Malak obeyed, footsteps heavy with silenced agony and rage. In Revan’s opinion, muting Malak’s garrulous voice had been a rather desirable side-effect.
The young woman shrank back in the corner, wishing she could slink out under his notice yet somehow fearful of doing so.
“You’re still here?”
She swallowed hard. “Yes, my Lord.”
“Your service has been noted. Stay away from Malak; he will not forget this incident.”
“I understand.”
Revan said nothing, looking out of the window instead at the ravaged world below. She wondered whether she should leave, and was about to do so when he spoke again.
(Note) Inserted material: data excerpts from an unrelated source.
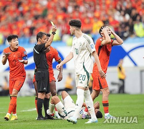 (240910) -- DALIAN, Sept. 10, 2024 (Xinhua) -- Li Yuanyi (R) of China is given a yellow card during the 2026 FIFA World Cup Asian Qualifiers match between China and Saudi Arabia in Dalian, northeast China's Liaoning Province, Sept. 10, 2024. (Xinhua/Li Gang)
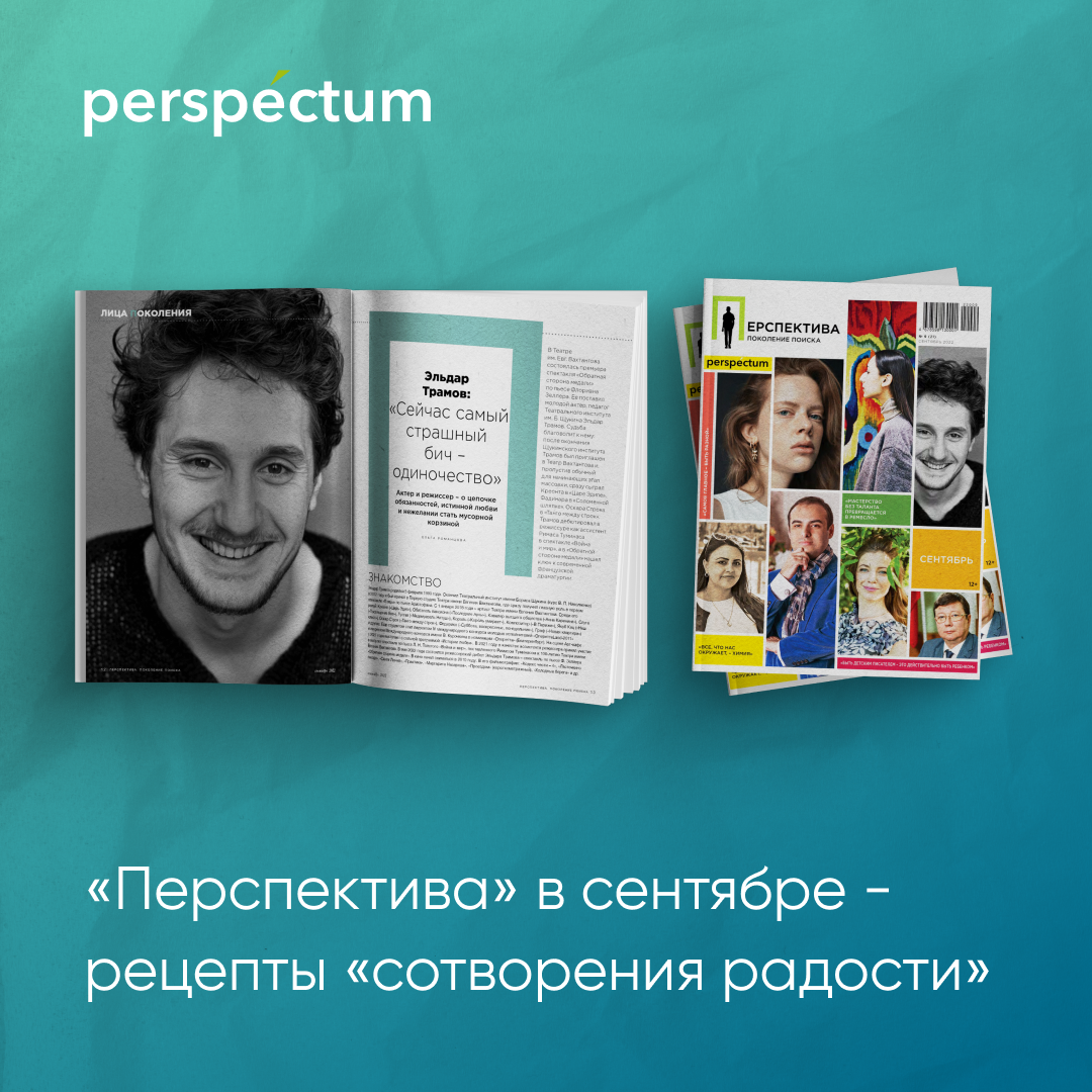 Что такое осень – это небо, плачущее небо под ногами… А еще – сентябрьский номер журнала «Перспектива». В нем, к счастью, никто не плачет, напротив, молодые герои «Перспективы» ищут свет, смысл и вдохновение в каждом эпизоде своей творческой жизни и щедро делятся с нами собственными рецептами «сотворения радости». Актер и режиссер Вахтанговского театра Эльдар Трамов видит залог счастья в том, чтобы отдавать: «у кого много – тому прибавится, а у кого мало – у того и отнимется». Художница Лазиза Тулаганова из Узбекистана находит сюжеты для своих картин в разговорах с людьми и путешествиях. Туркменский композитор и пианист Мамед Гусейнов не мыслит себя без семьи, народной музыки и стихов Махтумкули – «солнца туркменской поэзии». Белорусская писательница Анна Зенькова призывает верить, что из любой ситуации, из любой истории всегда есть выход. Армянский химик Мариета Закарян убеждена, что счастливой ее делают родная земля и наука. Прислушайтесь к совету эстонской модели и актрисы Аделе Таска: если вам говорят «нет» - это еще не конец света, то, что ваше мимо никогда не пройдет.
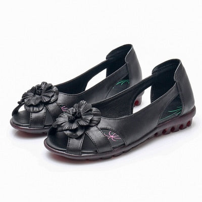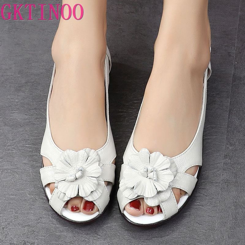 GKTINOO Flower Open Toe Summer Sandals Hollow Soft Genuine Leather Women's Shoes Flat Comfortable Fashion Sandals Large Size
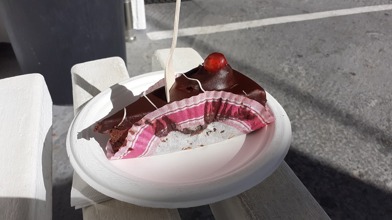 Dabei fiel mir die Wahl wirklich schwer. Torten, Kuchen, Plätzchen, selbstgemachtes Eis, die Auswahl war für eine Konditorei an der Landstraße zwischen Karlovasi und Vathi wirklich sehr groß. Für den Transport weiterer Tortenstücke war es leider zu heiß und der Weg war ja noch weit. Aber dieses Stück Torte werde ich noch länger in Erinnerung behalten.

“What do you understand by the Dark Side?”
Her confusion was evident and her knee-jerk response was not unexpected, “Peace is a lie, there is only passion. Through passion, I gain strength…”
“I asked what you understand by the Dark Side. The Dark Side and the Sith are often confused for each other but they are not the same thing. Yet if you wish to truly become a Sith, you must first understand the Dark Side.”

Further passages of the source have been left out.